VS2005 Regular Expression Search Rules!

One of the things I had to do to eliminate a few thousand bugs as part of this C++ to C# conversion is replace the text transmission functions.

Nevermind how they work internally, the important thing for the sake of the current conversion is that they look completely different.

The old functions looked something like:

send_to_char( “Words.\n\r”, ch );

While the new functions are supposed to look like:

ch.SendText( “Words.” );

With around 4000 or so calls to that function, it would be a dauntingly huge project to retype every reference to send_to_char. Because it’s a bit more complicated than a simple word replace, we would be hosed if not for Visual Studio 2005’s regular expression search and replace.

If you Google regular expression search-and-replace, most likely you’ll come up with a lot of people complaining about it. Ignore them — those people are whiny idiots. It is easily one of the most useful things ever added to Visual Studio and it takes about 10-15 minutes to get the hang of.

To make the above change, all I had to do was do a search for:

send_to_char[(] {:q}, {:i} [)];

And replace it with:

\2.SendText( \1 );

As a basic explanation:

1. Anything in [] brackets means “any of these characters”. I had to bracket the parenthesis to keep the parser from evaluating them as an expression.
2. Anything in {} brackets means that it’s assigned an “expression tag”. It’s the equivalent of the scripting language act of assigning it to %0, %1, etc and they’re numbered in the order they are found.
3. :q means match a “quoted expression”.
4. :i means match a C++/C# identifier (i.e. a variable name).
5. \1 means “insert the first tagged expression”. \2 inserts the second, etc.
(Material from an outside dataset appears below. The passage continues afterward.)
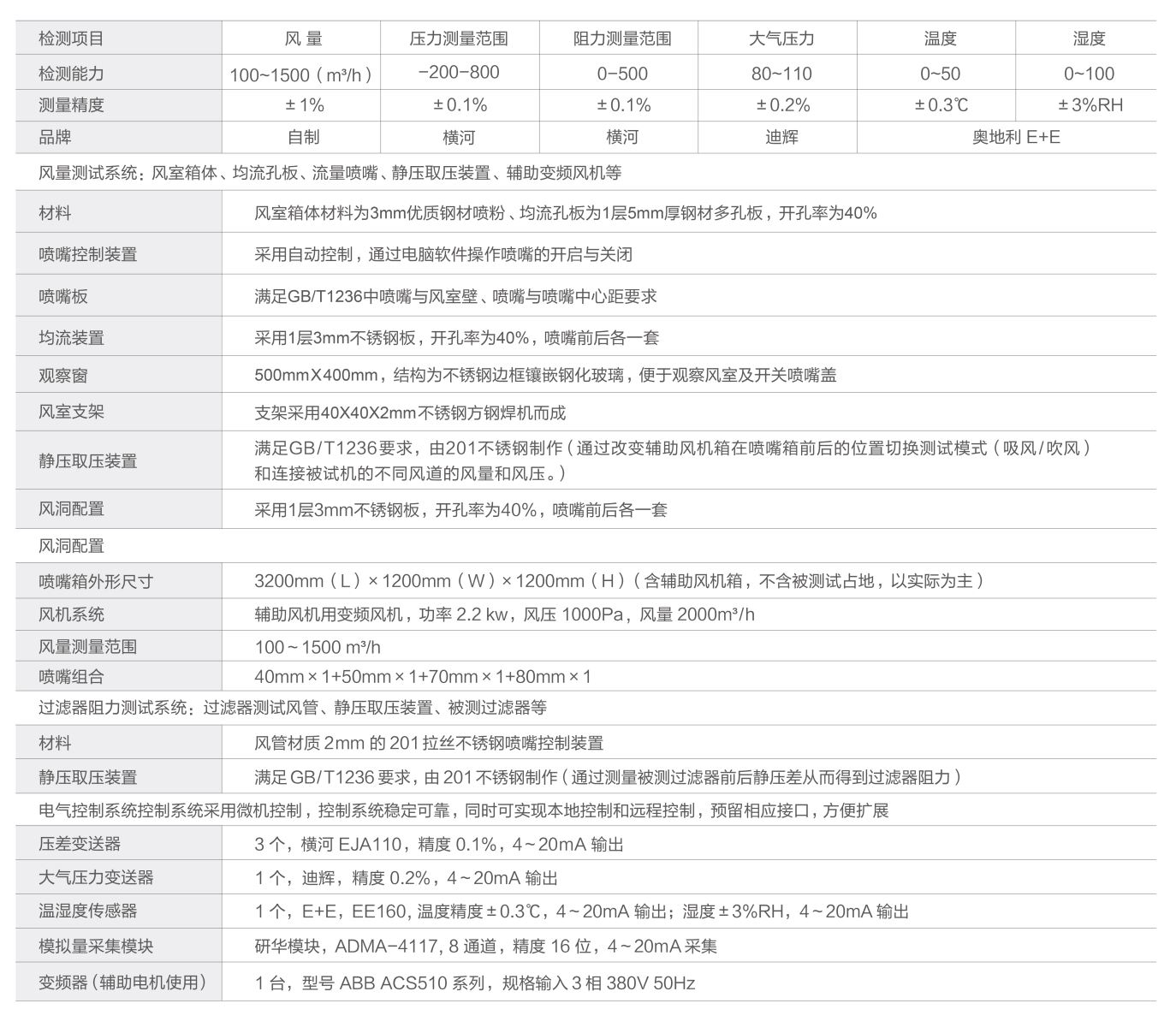 可准确测量带有空调器外壳的风机额定风量、风机盘管、小型风柜轴流风机、贯流风机、离心风机等形式风机的风压-干风量、功率-干风量性能曲线。

This is enough to get the basic idea going, and it works like a charm, provided the functions are spaced EXACTLY as indicated. If you have something like (notice spaces):

send_to_char(“Something” , ch );

It will not work. In any codebase that has had more than one person’s fingers in it, you’ll have inconsistent spacing. Some people will put spaces before/after every variable, some won’t, and some will be mixed. That’s why we have to set it to ignore spaces anywhere they will be a concern. We do this by inserting [ ]* which means “match anywhere from 0 to infinity spaces”. The search expression now looks like:

send_to_char[(][ ]*{:q},[ ]*{:i}[ ]*[)];

And now that I’ve figured out how to use regular expressions, all of the references to the Diku send_to_char function have been replaced with our shiny new code.

The error count is now down to 24,414.